Importing Data#

Making a cell object#

PyProBE stores all experimental data and information in a pyprobe.cell.Cell object. It has two main attributes:

A cell object can be created by providing an info dictionary as a keyword argument to info:

import pyprobe

# Describe the cell. Required fields are 'Name'.
info_dictionary = {'Name': 'Sample cell',
                   'Chemistry': 'NMC622',
                   'Nominal Capacity [Ah]': 0.04,
                   'Cycler number': 1,
                   'Channel number': 1,}

# Create a cell object
cell = pyprobe.Cell(info = info_dictionary)

The info dictionary can contain any number of key-value pairs that provide metadata to identify the cell and the conditions it was tested under.

Importing data from a cycler#

PyProBE defines a Procedure as a dataset collected from a single run of an experimental protocol created on a battery cycler. Throughout its life, a cell will likely undergo multiple procedures, such as beginning-of-life testing, degradation cycles, reference performance tests (RPTs) etc.

Data can be imported into PyProBE from a range of cyclers. You import data from a cycler using the import_from_cycler() method:

# From the previously created cell instance
cell.import_from_cycler(
   procedure_name="Sample",
   cycler="neware",
   input_data_path="path/to/cycler_file.csv")

This will do two things: 1. Convert the data in the cycler file into the PyProBE standard format, saved to a ‘.parquet’ file. By default, the file will be saved to the same path with only the file extension changed, however this can be controlled by passing a filepath to the output_data_path argument of this function. 2. Import the data into a the cell’s procedure dictionary with the given name as the dictionary key.
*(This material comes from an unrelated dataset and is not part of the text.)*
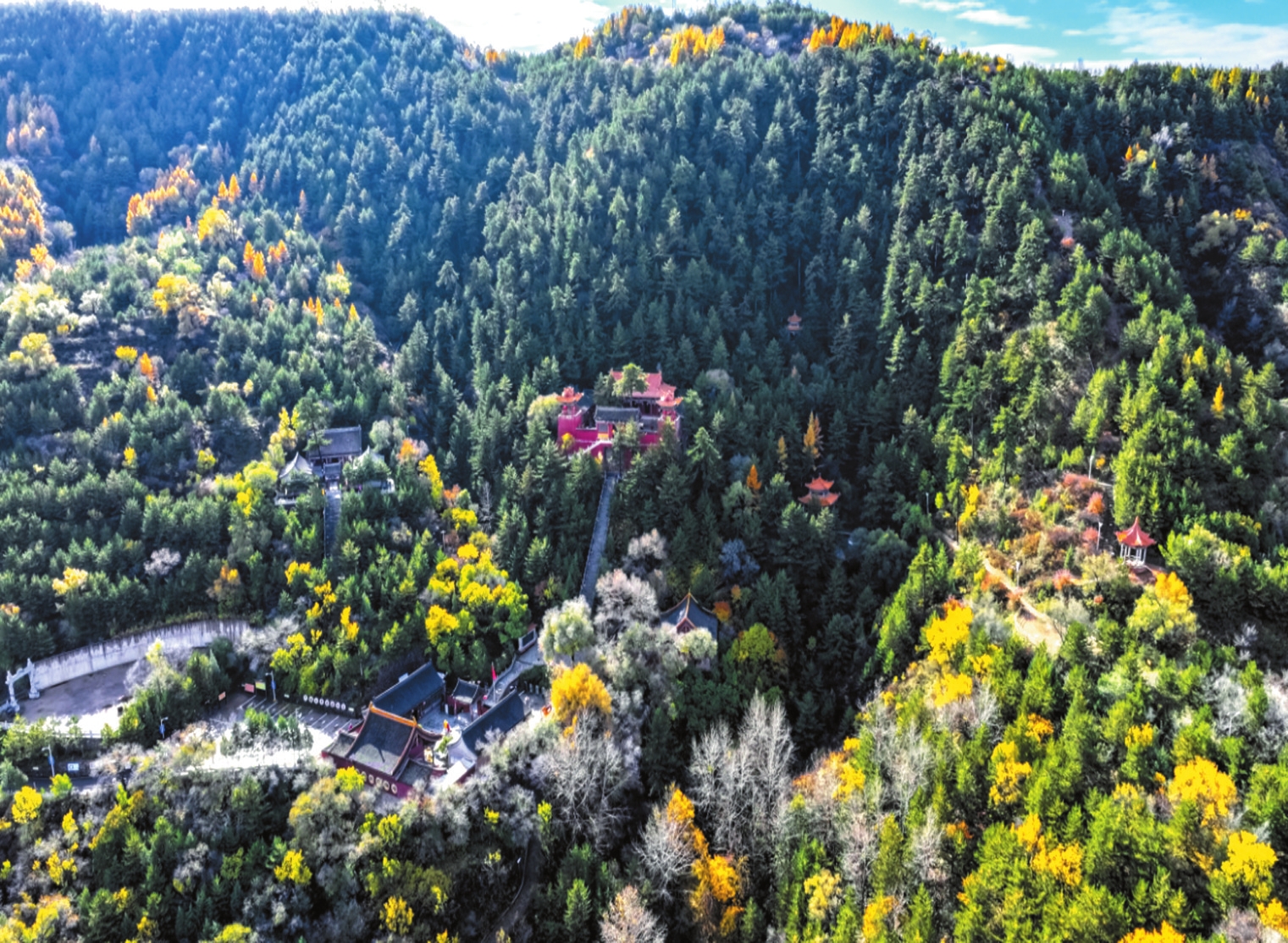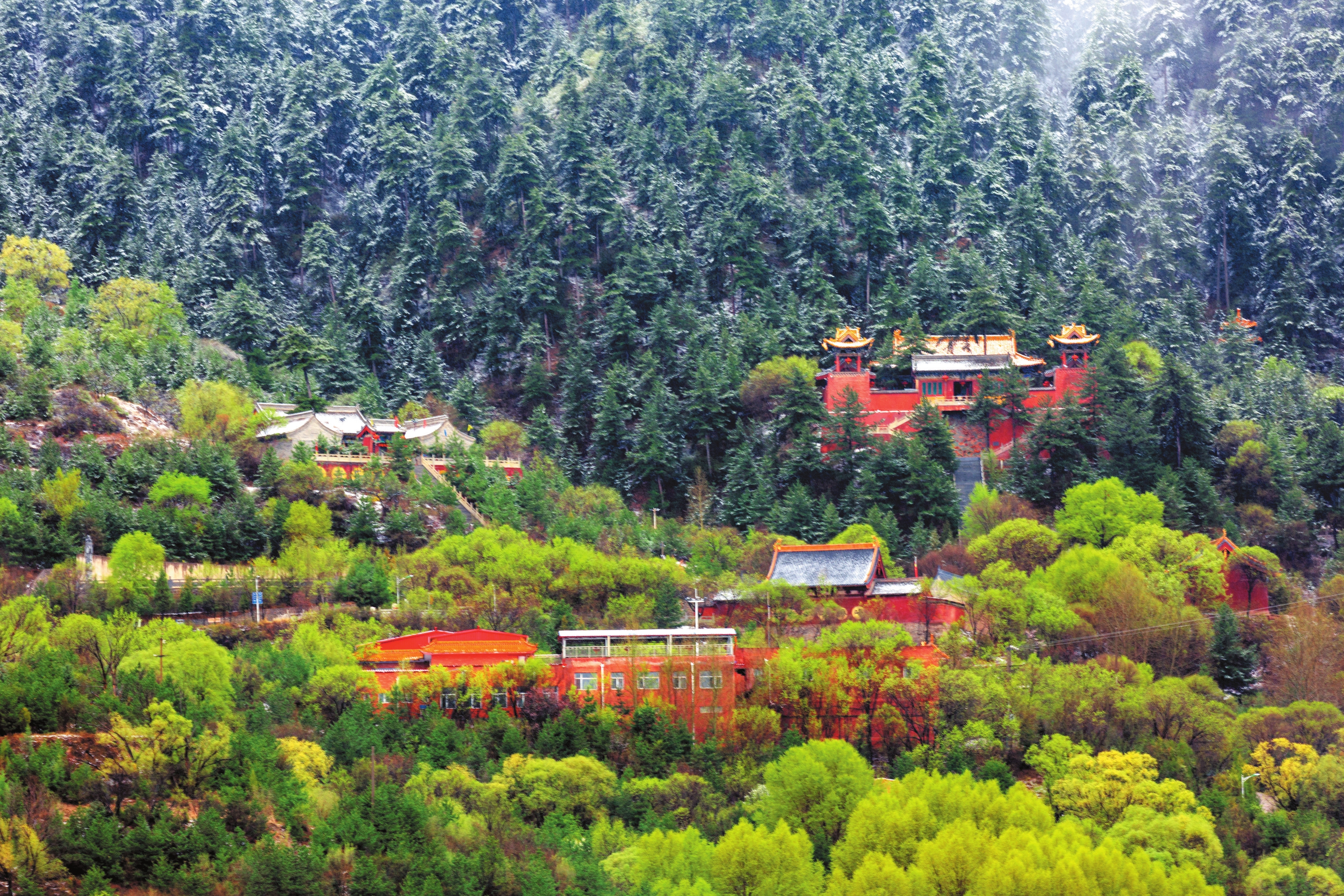 山林間宏大的廟宇建筑群始建于北魏時(shí)期,憑借清幽秀麗的自然風(fēng)光和深厚的文化底蘊(yùn),吸引了眾多高僧來(lái)此傳經(jīng)布道。隨著佛教文化的發(fā)展,與之相關(guān)的建筑藝術(shù)、雕塑藝術(shù)、壁畫(huà)藝術(shù)歷代都有發(fā)展,可惜大部分毀于戰(zhàn)火。1992年開(kāi)始重建,集儒釋道于一體的廟宇群規(guī)模宏大。

These steps can be separated. You can perform step 1 with the pyprobe.cell.process_cycler_data() method, and step 2 with the pyprobe.cell.Cell.import_data() method.

The first time this method is called will take longer than subsequent calls as the data conversion is executed. Once the ‘.parquet’ file is written future executions will be much faster.

Any number of procedures can be added to a cell, for example:

# Add the first procedure
cell.import_from_cycler(
   procedure_name="Cycling",
   cycler="neware",
   input_data_path="path/to/cycler_file_cycling.csv")

# Add the second procedure
cell.import_from_cycler(
   procedure_name="RPT",
   cycler="neware",
   input_data_path="path/to/cycler_file_RPT.csv")

print(cell.procedure)
# Returns: dict({'Cycling': <pyprobe.procedure.Procedure object…, 'RPT': <pyprobe.procedure.Procedure object…})

When the data is imported, PyProBE will look for a README file in the directory of the cycler file and/or the PyProBE format ‘.parquet’ file. You can also specify a custom path for it in the readme_path argument. The README file contains details of the experimental procedure that generated the data. See the Writing a README file section for guidance.

Without a README file, the data will still be imported, but will not be filterable by ‘experiment’ or by complex cycle patterns.

Working with multiple input files#

Some cyclers may output data in multiple files. For example, BioLogic Modulo Bat procedures. Assuming the data is all in the same folder, PyProBE is able to collect all of the files and process them into a single parquet file. This is done by providing a * wildcard in the input_filename argument:

# From the previously created cell instance
cell.import_from_cycler(
   procedure_name="Sample",
   cycler="neware",
   input_data_path="path/to/cycler_file*.csv")

This will process all files in the folder that match the pattern cycler_file*.csv, e.g. cycler_file_1.csv, cycler_file_2.csv, etc.

The Biologic Modulo Bat format has its own reader 'biologic_MB':

cell.import_from_cycler(
   procedure_name="biologic_MB",
   cycler="neware",
   input_data_path="path/to/cycler_file_*_MB.mpt")

Batch preprocessing#

If you have multiple cells undergoing the same experimental procedures, you can create a list of Cell objects together with the make_cell_list() function.

This requires an Experiment Record alongside your data. This is an Excel file that contains important experimental information about your cells and the procedures they have undergone. See the Writing an Experiment record section for guidance.

cell_list = pyprobe.make_cell_list(record_filepath = 'path/to/experiment_record.xlsx',
                                   worksheet_name = 'Sample experiment')

This function creates a list of cells, where the info dictionary is populated with the information from the Experiment Record. You can then loop through these cells, adding data to procedures. It is often helpful to include parameters of your data file names in the experiment record, so that these can be generated automatically within your loop.

Adding data not from a cycler#

In your battery experiment, it is likely that you will be collecting data from sources additional to your battery cycler. This can be added to your Procedure object after it has been created with its add_data() method.

The data that you provide must be timeseries, with a column that can be interpreted in DateTime format. This is usually a string that may appear like: "2024-02-29 09:19:58.554". PyProBE will interpolate your data into the time series of the cycling data already there, so it can be filtered as normal.